__Directions for this task__: The output is the line containing "To create a" plus every later line down to the end of the listing below, copied exactly. No pictures belong in it.

__Supplied information__:
━━━━━━━━━━━━━━━━━━━━
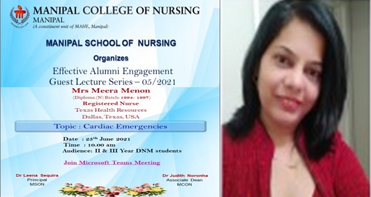 Manipal School of Nursing, MCON, MAHE, Manipal had organized a guest lecture on the topic “Cardiac Emergencies” by Mrs Meera Menon, on 25th June 2021 at 10 am through the MS Team platform.
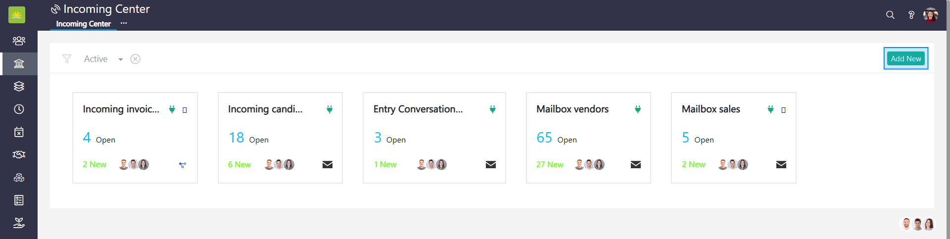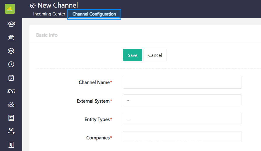 To create a new incoming channel, go to the Finance module and click the Incoming Center module.
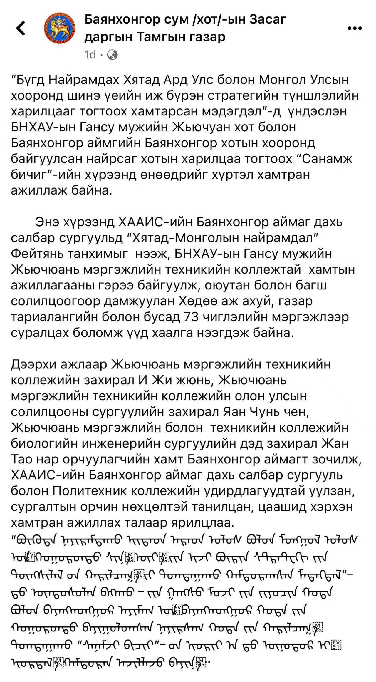 11月28日至11月29日巴彦洪格尔市嘎-恩赫巴雅尔市长陪同出访团出席了全部交流活动,在市政府他表达了对出访团的热烈欢迎、讲述了自己参加北京“一带一路”峰会的感受、介绍了巴彦洪格尔市落实《中华人民共和国甘肃省酒泉市与蒙古国巴彦洪格尔省巴彦洪格尔市建立友好城市关系意向书》的情况,重点说明了蒙方对实施飞天工坊项目和蒙古国到华留学生人才培养工作的支持举措。易志军首先对巴彦洪格尔市给予出访团的热情接待表示了衷心感谢,之后向嘎-恩赫巴雅尔市长等介绍了我校的基本情况、汇报了我校落实《中华人民共和国甘肃省酒泉市与蒙古国巴彦洪格尔省巴彦洪格尔市建立友好城市关系意向书》的总体情况。国际交流学院院长杨春骋就我校对蒙古国留学生培养暨飞天工坊项目前期准备工作情况进行了介绍。在蒙古国农业大学巴彦洪格尔分校,分校领导介绍了学校情况,表达了对双方建立友好学校和积极实施飞天工坊项目的信心和决心。易志军和分校校长签署了《酒泉职业技术学院和蒙古国农业大学巴彦洪格尔分校合作框架协议》,两校领导表示今后将在建立友好学校、学生的学历提升及研学交流、教师交流互访、教师硕博学历提升及其他领域开展合作交流。
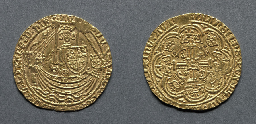 This type of coin is very similar to that of the last right but a flag or pennant has appeared on the stern-castle of the ship. This signifies that the piece was struck in the Calais mint, then, and for 180 years to come, an English possession. There are three other points of interest in the Nobles of this period. First some of the early pieces of the reign were struck from the dies of the previous king, Edward III. Secondly, a symbol, such as a lion, trefoil or crescent was sometimes placed on the ship's rudder. Fours such marks were used, their purpose being to distinguish different issues. Finally, four styles of lettering were used.
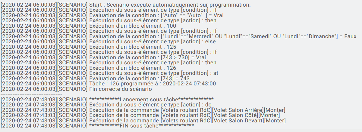 Le souci c’est que ce matin j’ai oublié que mes enfants n’avaient pas à se lever, du coup je suis passé en mode « manu » mais vers 6h40. La problématique c’est que le scénario avait déjà lancé la commande et du coup à 7h43 les volets se sont ouverts.
━━━━━━━━━━━━━━━━━━━━
__Reply__:
 To create a new incoming channel, go to the Finance module and click the Incoming Center module.
 11月28日至11月29日巴彦洪格尔市嘎-恩赫巴雅尔市长陪同出访团出席了全部交流活动,在市政府他表达了对出访团的热烈欢迎、讲述了自己参加北京“一带一路”峰会的感受、介绍了巴彦洪格尔市落实《中华人民共和国甘肃省酒泉市与蒙古国巴彦洪格尔省巴彦洪格尔市建立友好城市关系意向书》的情况,重点说明了蒙方对实施飞天工坊项目和蒙古国到华留学生人才培养工作的支持举措。易志军首先对巴彦洪格尔市给予出访团的热情接待表示了衷心感谢,之后向嘎-恩赫巴雅尔市长等介绍了我校的基本情况、汇报了我校落实《中华人民共和国甘肃省酒泉市与蒙古国巴彦洪格尔省巴彦洪格尔市建立友好城市关系意向书》的总体情况。国际交流学院院长杨春骋就我校对蒙古国留学生培养暨飞天工坊项目前期准备工作情况进行了介绍。在蒙古国农业大学巴彦洪格尔分校,分校领导介绍了学校情况,表达了对双方建立友好学校和积极实施飞天工坊项目的信心和决心。易志军和分校校长签署了《酒泉职业技术学院和蒙古国农业大学巴彦洪格尔分校合作框架协议》,两校领导表示今后将在建立友好学校、学生的学历提升及研学交流、教师交流互访、教师硕博学历提升及其他领域开展合作交流。
 This type of coin is very similar to that of the last right but a flag or pennant has appeared on the stern-castle of the ship. This signifies that the piece was struck in the Calais mint, then, and for 180 years to come, an English possession. There are three other points of interest in the Nobles of this period. First some of the early pieces of the reign were struck from the dies of the previous king, Edward III. Secondly, a symbol, such as a lion, trefoil or crescent was sometimes placed on the ship's rudder. Fours such marks were used, their purpose being to distinguish different issues. Finally, four styles of lettering were used.
 Le souci c’est que ce matin j’ai oublié que mes enfants n’avaient pas à se lever, du coup je suis passé en mode « manu » mais vers 6h40. La problématique c’est que le scénario avait déjà lancé la commande et du coup à 7h43 les volets se sont ouverts.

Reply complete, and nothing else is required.